Restatement (Second) of Torts § 774A(2)(1979). Additionally, comment e to the
Restatement (Second) of Torts § 774A(2) states:
The fact that the plaintiff may have a cause of action against the person
who has broken his contract does not prevent recovery against the
defendant who has induced or otherwise caused the breach, or reduce the
damages recoverable from him. The defendant and the contract breaker
are both wrongdoers (compare § 875), and each is liable for the entire loss
that he has caused. Even a judgment obtained for breach of the contract if
it is not satisfied does not bar or reduce recovery from the one who has
caused the breach. But since the damages recoverable for breach of the
contract are common to the actions against both, any payments made by
the one who breaks the contract or partial satisfaction of the judgment
against him must be credited in favor of the defendant who has caused the
Conversely, an action or judgment against the one who causes the breach
without satisfaction will not bar or reduce recovery from the one who
breaks the contract; but to the extent that there is duplication of the
damages any payments made by the tortfeasor must be credited in favor
of one who has broken the contract.
According to the Restatement (Second), Hayden was not prohibited from filing
the instant suit before its action against Zweygardt was complete. Hayden could
have sued Stratman and the other defendants in this case for the full amount of
the damages it suffered from Zweygardt’s breach, even though the recoverable
damages assessed against parties would be limited to the total amount of
damages caused by the breach.
The court is not persuaded by Hayden’s argument that any damages claimed
against these defendants would have been too speculative before the completion of its
case against Zweygardt. Hayden’s damages as a result of the defendants’ alleged
tortious interference are essentially the same as Hayden’s damages from Zweygardt’s
breach of contract. The fact that Hayden could not know the precise amount that would
be awarded in one case does not make the amount of damages awardable in the other
case “too speculative.” Only the recoverable damages would be speculative, but
knowing the amount of damages that are recoverable from the defendant is not a
required element in a tortious interference case.

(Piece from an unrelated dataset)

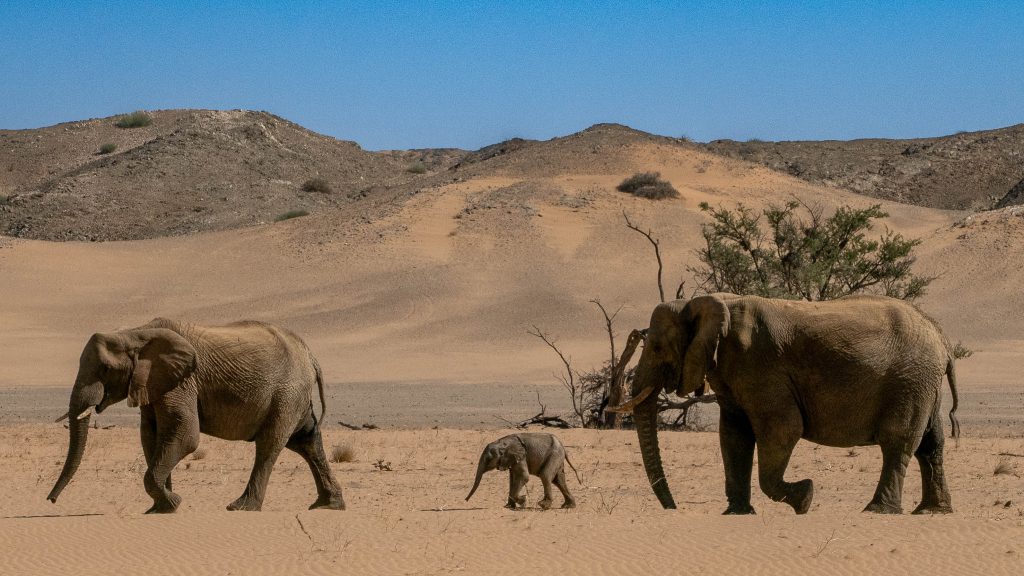 Haremos excursiones fotográficas para intentar localizar las manadas de elefantes adaptados al desierto, además de oryx, cebras y jirafas. Un entorno que combina la grandeza del paisaje con la emoción de la fauna en libertad.
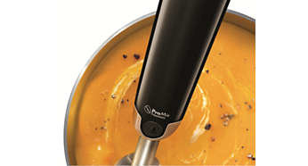 Technologia SpeedTouch pozwalająca intuicyjnie ustawić właściwą prędkość Intuicyjnie regulowanie ustawienia prędkości oraz funkcja turbo w jednym przycisku, którego mocniejsze naciśnięcie wyzwala większą moc. Rozpocznij miksowanie powoli, aby nie rozpryskiwać składników, a następnie płynnie przyspieszaj aż do osiągnięcia prędkości wymaganej dla dowolnego zastosowania i typu składnika. Teraz do przygotowania ulubionych dań wystarczy naciśnięcie przycisku. |

Finally, the court must address Hayden’s argument that its interpretation would
have required it, unjustly, to file multiple simultaneous lawsuits against Zweygardt and
the defendants in this case, forcing it to “[withdraw] from one if it is successful in the
other.” Hayden had other options available to comply with the statute of limitations.
Rather than filing multiple simultaneous lawsuits, Hayden could have brought one suit
against all the parties, ensuring it had the opportunity to hold all appropriate parties
responsible for its damages and determining what amount of damages each party
would be held liable for. Alternatively, Hayden could have sued Zweygardt first, as it
did, and then filed this suit on the final day of the period of limitations. Although some
overlap between the two cases would exist, its burden on Hayden would have been
The ultimate question the court faces in ruling on Stratman’s motion is whether
Hayden could have filed this suit without knowing the amount of damages it would be
awarded in its lawsuit against Zweygardt. The court finds no legal barriers to Hayden’s
filing this lawsuit before the period of limitations ran. When a complaint shows on its
face that the applicable statute of limitations has run, an action is subject to dismissal for
failure to state a claim upon which relief can be granted. Turner and Boisseau, Inc. v.
Nationwide Mut. Ins. Co., 944 F.Supp. 842, 844 (D. Kan. 1996). Accordingly, the court
grants Stratman’s motion to dismiss.
IT IS THEREFORE ORDERED this 28th day of January, 2014, that defendant
Stratman’s Motion to Dismiss (Dkt. 12) is granted.
IT IS ALSO ORDERED that Hayden Outdoors must show good cause within
fourteen days of the filing of this order why its claims against defendant Linda Niebur
should not be dismissed for failing to comply with the statute of limitations.